Should the 25-year-old Alvarez (45-1-1, 32 knockouts) wrest the WBC belt from Cotto (40-4, 33 KOs) in the HBO pay-per-view bout at Mandalay Bay in Las Vegas, that opportunity will be right in his face.
The WBC has stipulated that the Cotto-Alvarez winner has only 15 days to determine whether he will fight Golovkin.
If the winner doesn’t commit, Golovkin (34-0, 31 KOs) adds the WBC belt and would need only the World Boxing Organization title to stand as the division’s unified champion, which he has said is his goal.
Alvarez declined to commit, referencing the fact that he and Cotto are fighting for the 160-pound belt at a 155-pound catchweight.
“There’s no secret that me and Miguel are not 160-pounders. Our body structure is not there yet,” Alvarez said. “I would love to fight ‘GGG’ when the time and opportunity come, more than willing and able to ... when the time comes.”
Breaking the code of Alvarez’s position isn’t too difficult. Yes, he could fight at 160. Just this week, he weighed 167 pounds at the WBC’s 30-day weigh-in.

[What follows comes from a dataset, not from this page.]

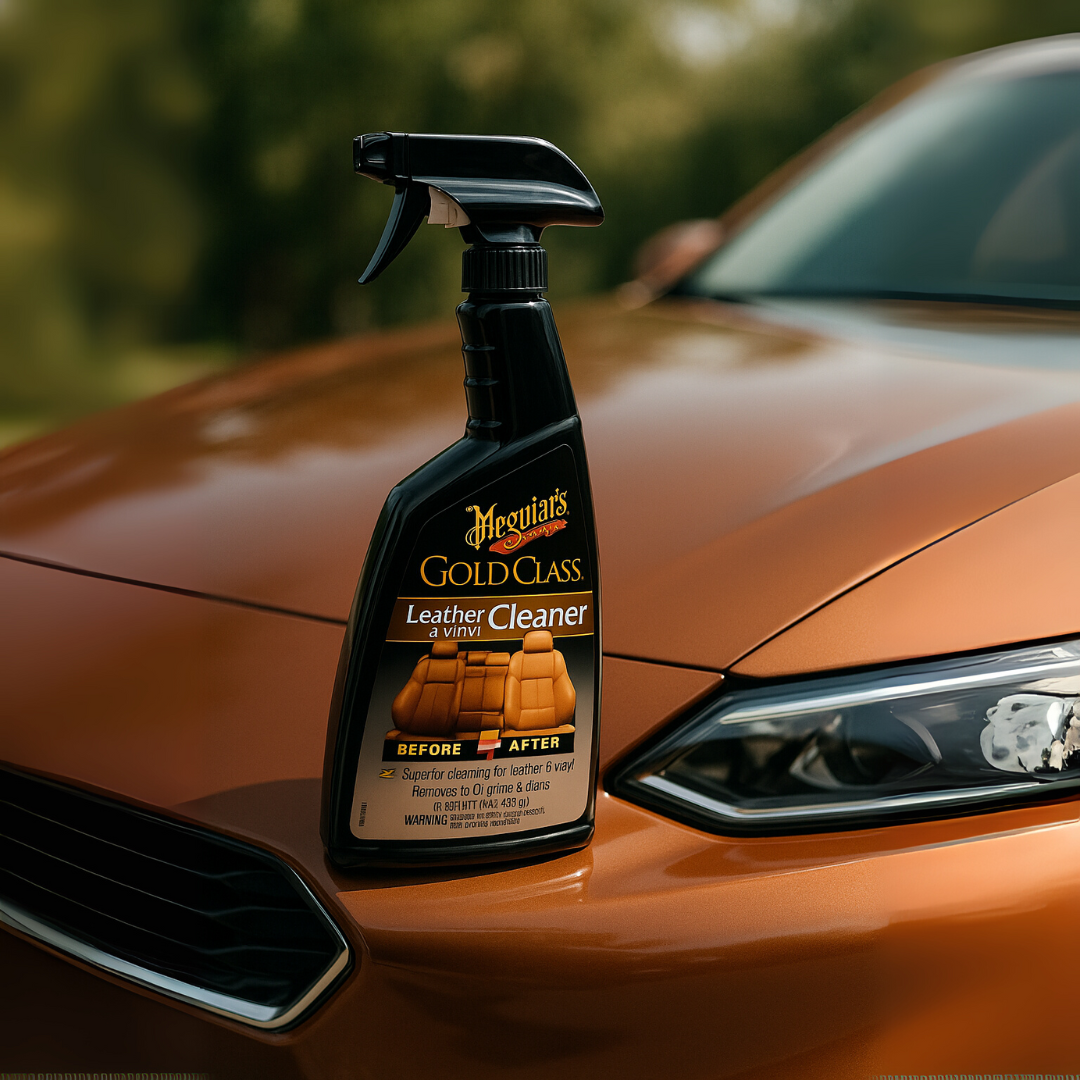 Meguiar's Gold Class Leather & Vinyl Cleaner is a gentle yet effective spray designed to clean leather and vinyl surfaces without drying or damaging them. It removes dirt, grime, and stains while preserving the natural look and feel of your interior.

But Alvarez also has other options, including some Manny Pacquiao interest, and his co-trainer, Chepo Reynoso, noted Thursday that the 150,000 pay-per-view buys for Golovkin-Lemieux were low, considering that Alvarez engaged in a 2013 loss to Floyd Mayweather Jr. that generated more than 2.2 million buys.
In other words: With time, the Golovkin fight could be even bigger.
“Canelo is fighting Cotto because he wants that world title, but he’s a junior-middleweight, not a middleweight,” said Oscar De La Hoya, Alvarez’s promoter. “Plus, he’s a guy who doesn’t like to talk about future fights, especially with this job at hand.
“After Cotto, we can start talking about the others. As for ‘GGG,’ yes, eventually that fight’s going to happen.”
Tom Loeffler, Golovkin’s promoter, said the 150,000 buys were influenced by the sporting world’s fixation on Game 1 of the National League Championship Series between the New York Mets and Chicago Cubs, which generated strong television ratings.
“What I’m pleased by is that Gennady [$2 million], Lemieux [$1.5 million] and [co-main-event fighter] ‘Chocalotito’ [Gonzalez] each had their biggest pay days yet and we sold out the Garden for the first time since Cotto and [Felix] Trinidad have done that in their fights,” Loeffler said.
A scenario remains for Golovkin to fight for the WBO title in the spring against the Dec. 19 winner of Andy Lee and Billy Joe Saunders in England, and then meet Alvarez if he meets the expectation of being a 3/1 betting favorite and defeats Cotto.
“We have a lot of respect for Canelo,” Loeffler said. “He’s fighting for the WBC championship and that’s what Gennady wants. Even with the 150,000 buys, Gennady is the most popular and lucrative opponent that either of them can face.
“If Canelo figures he’s a true 154-pounder, that’s OK. He gets stripped, Gennady becomes the automatic champion and it’s another step to unify the division.”